**DATA SHOWN**.

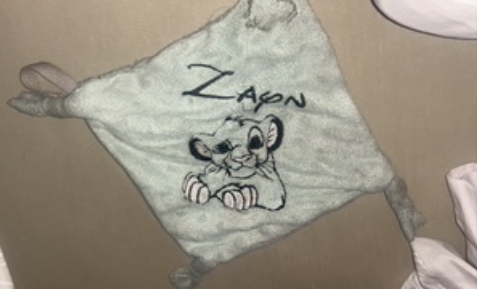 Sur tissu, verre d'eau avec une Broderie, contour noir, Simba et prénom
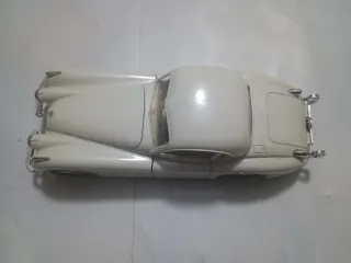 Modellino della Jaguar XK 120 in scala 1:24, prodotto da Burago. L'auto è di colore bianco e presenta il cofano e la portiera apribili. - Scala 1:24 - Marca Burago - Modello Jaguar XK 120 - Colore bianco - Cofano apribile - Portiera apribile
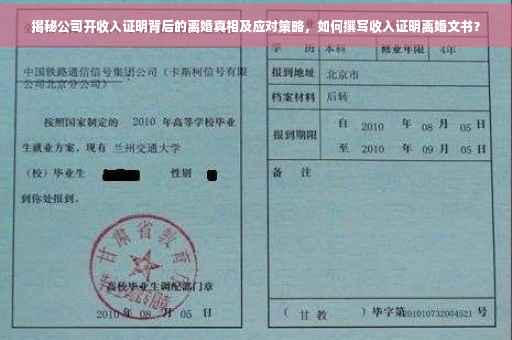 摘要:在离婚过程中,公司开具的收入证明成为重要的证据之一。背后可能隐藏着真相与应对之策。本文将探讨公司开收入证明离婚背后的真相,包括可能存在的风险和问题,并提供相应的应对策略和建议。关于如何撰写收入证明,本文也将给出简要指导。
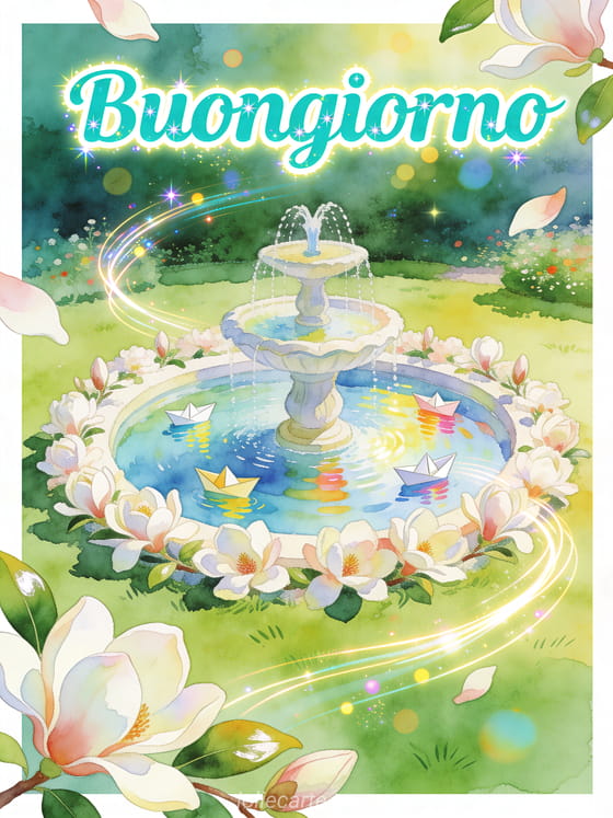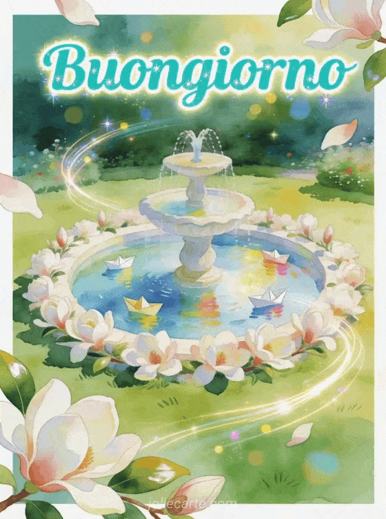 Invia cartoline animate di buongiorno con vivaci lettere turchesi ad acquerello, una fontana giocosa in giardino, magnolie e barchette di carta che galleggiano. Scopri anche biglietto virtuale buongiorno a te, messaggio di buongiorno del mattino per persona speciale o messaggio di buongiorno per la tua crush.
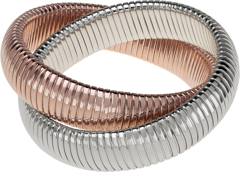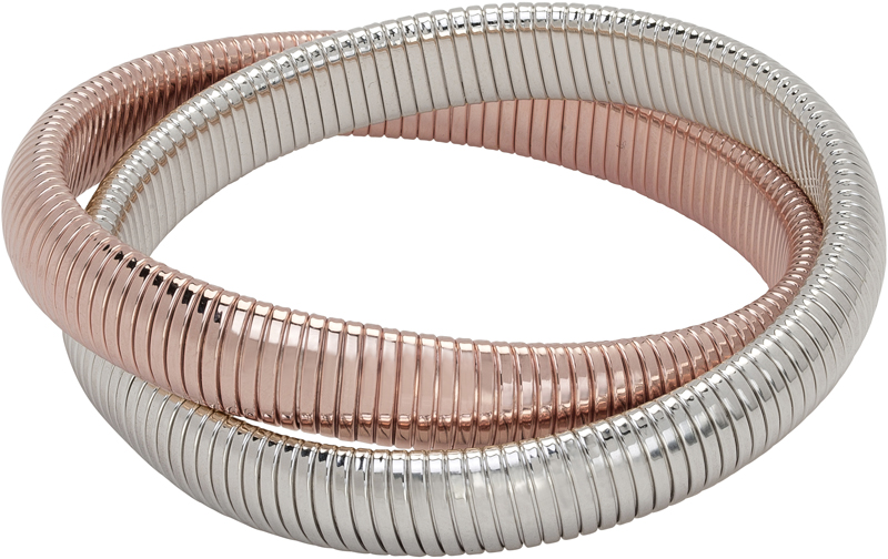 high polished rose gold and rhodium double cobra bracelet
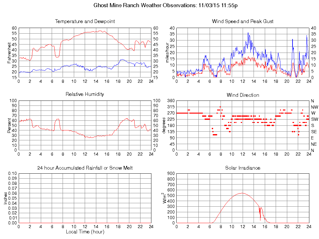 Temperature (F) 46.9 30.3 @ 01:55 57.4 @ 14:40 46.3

--

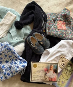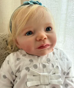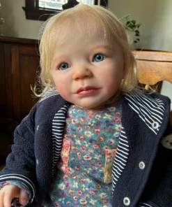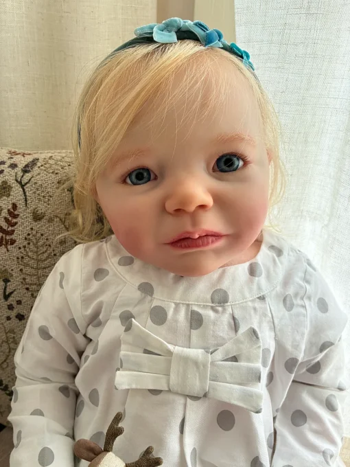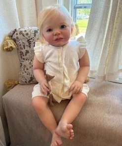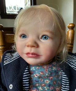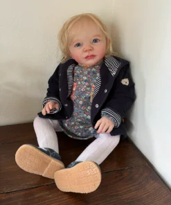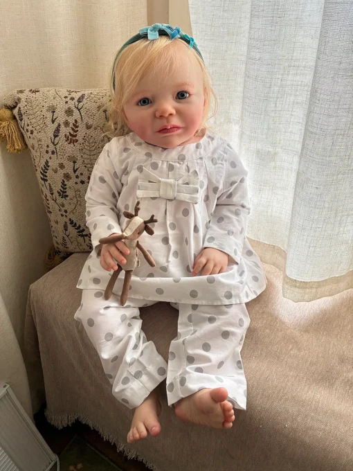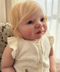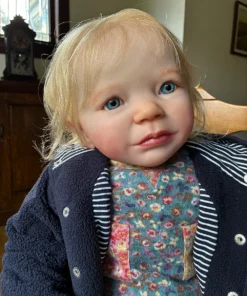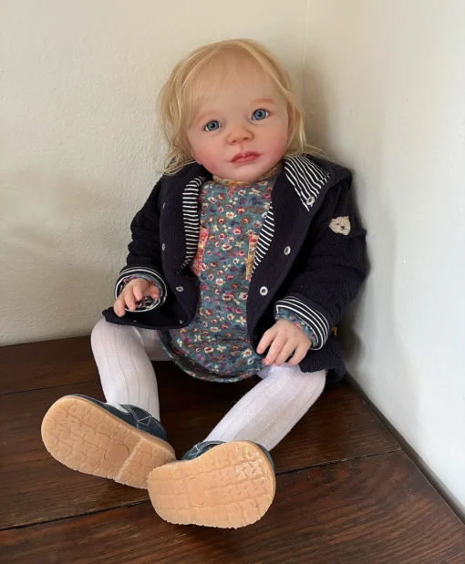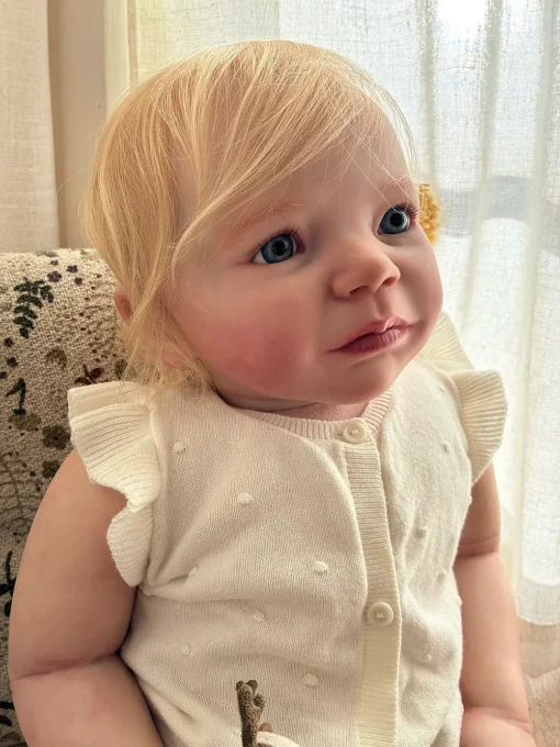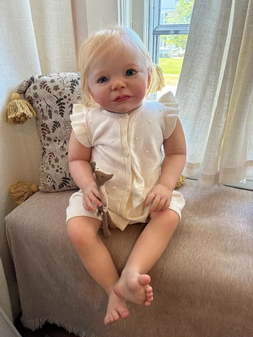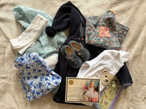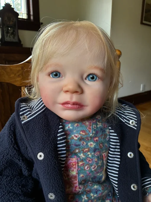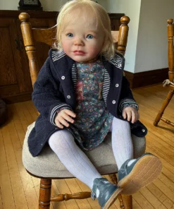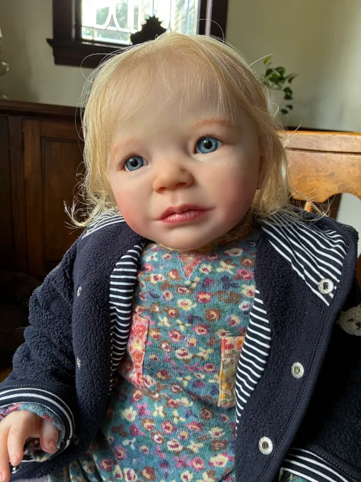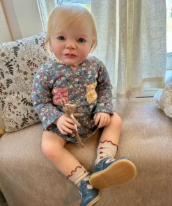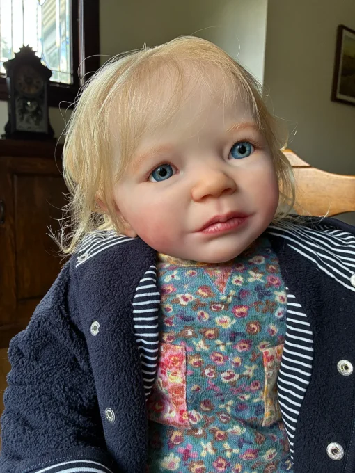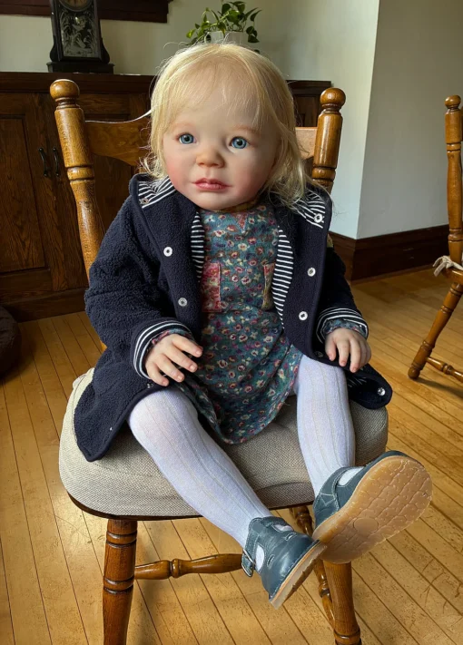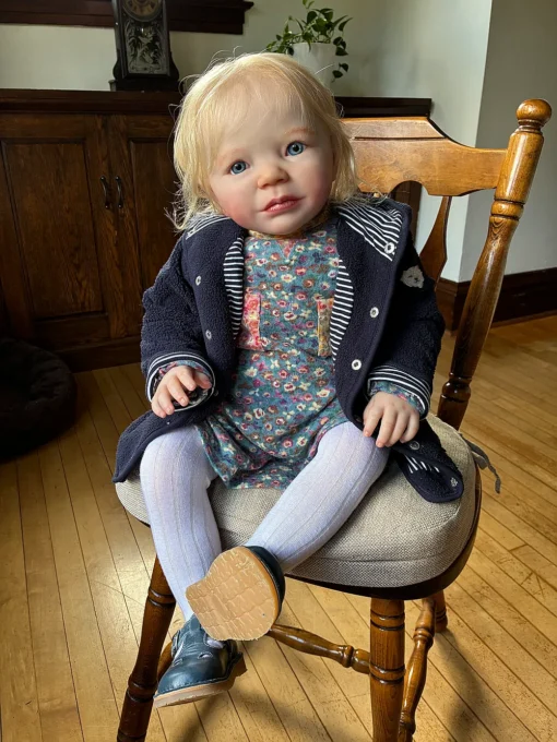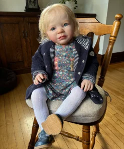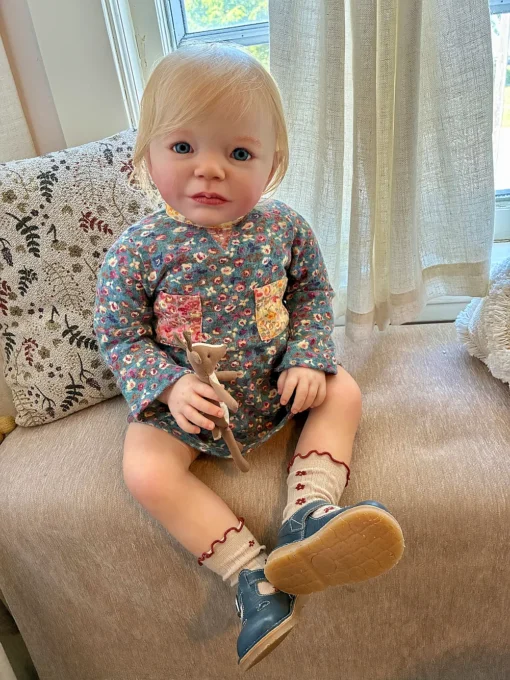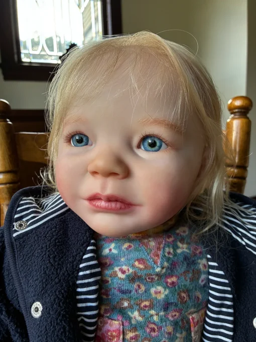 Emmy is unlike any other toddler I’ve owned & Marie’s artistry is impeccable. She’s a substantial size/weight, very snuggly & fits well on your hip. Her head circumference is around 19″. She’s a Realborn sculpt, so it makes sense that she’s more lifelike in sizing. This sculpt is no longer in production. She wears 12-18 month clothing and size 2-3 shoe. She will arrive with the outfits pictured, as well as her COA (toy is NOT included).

...

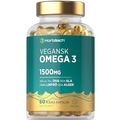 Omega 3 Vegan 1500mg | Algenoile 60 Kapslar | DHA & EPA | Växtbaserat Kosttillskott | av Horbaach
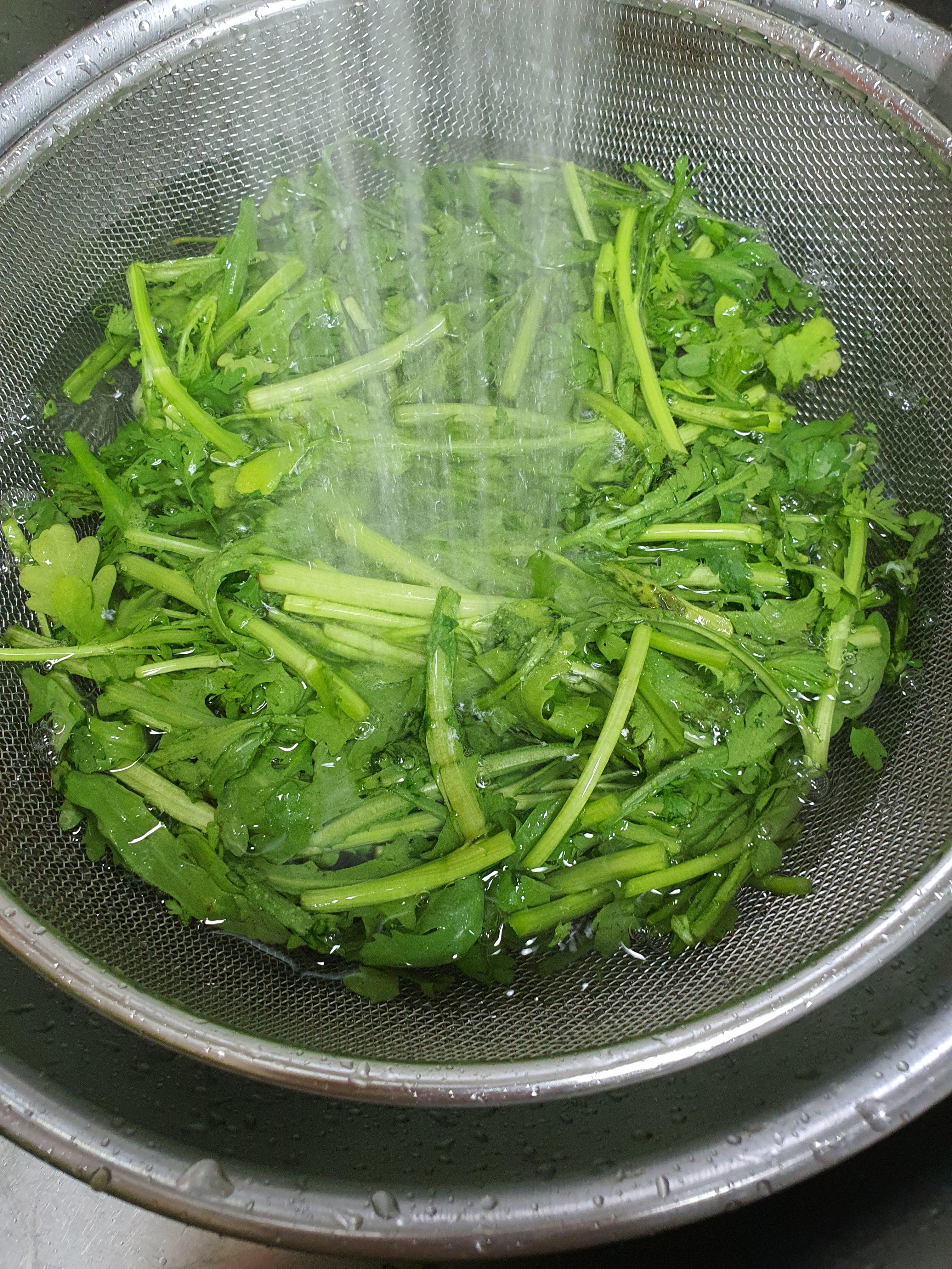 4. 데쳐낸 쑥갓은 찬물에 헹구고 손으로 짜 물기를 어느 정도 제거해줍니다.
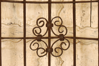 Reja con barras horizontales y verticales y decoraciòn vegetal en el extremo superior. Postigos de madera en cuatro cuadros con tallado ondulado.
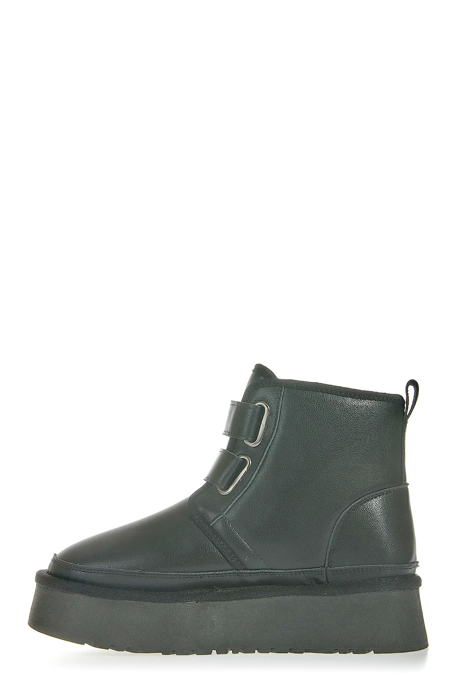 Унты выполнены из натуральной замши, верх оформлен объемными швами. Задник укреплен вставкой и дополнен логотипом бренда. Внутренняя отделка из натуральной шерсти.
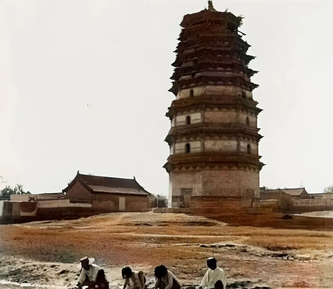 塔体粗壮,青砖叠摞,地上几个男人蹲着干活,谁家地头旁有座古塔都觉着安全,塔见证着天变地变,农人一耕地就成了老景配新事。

**WORK ITEM**.
Beginning with the line that contains "Invia cartoline animate", write out the lines of the material above exactly, and end with the line that contains "Temperature (F) 46.9". Omit the pictures.

**OUTPUT FOR THIS TASK**.
 Invia cartoline animate di buongiorno con vivaci lettere turchesi ad acquerello, una fontana giocosa in giardino, magnolie e barchette di carta che galleggiano. Scopri anche biglietto virtuale buongiorno a te, messaggio di buongiorno del mattino per persona speciale o messaggio di buongiorno per la tua crush.
 high polished rose gold and rhodium double cobra bracelet
 Temperature (F) 46.9 30.3 @ 01:55 57.4 @ 14:40 46.3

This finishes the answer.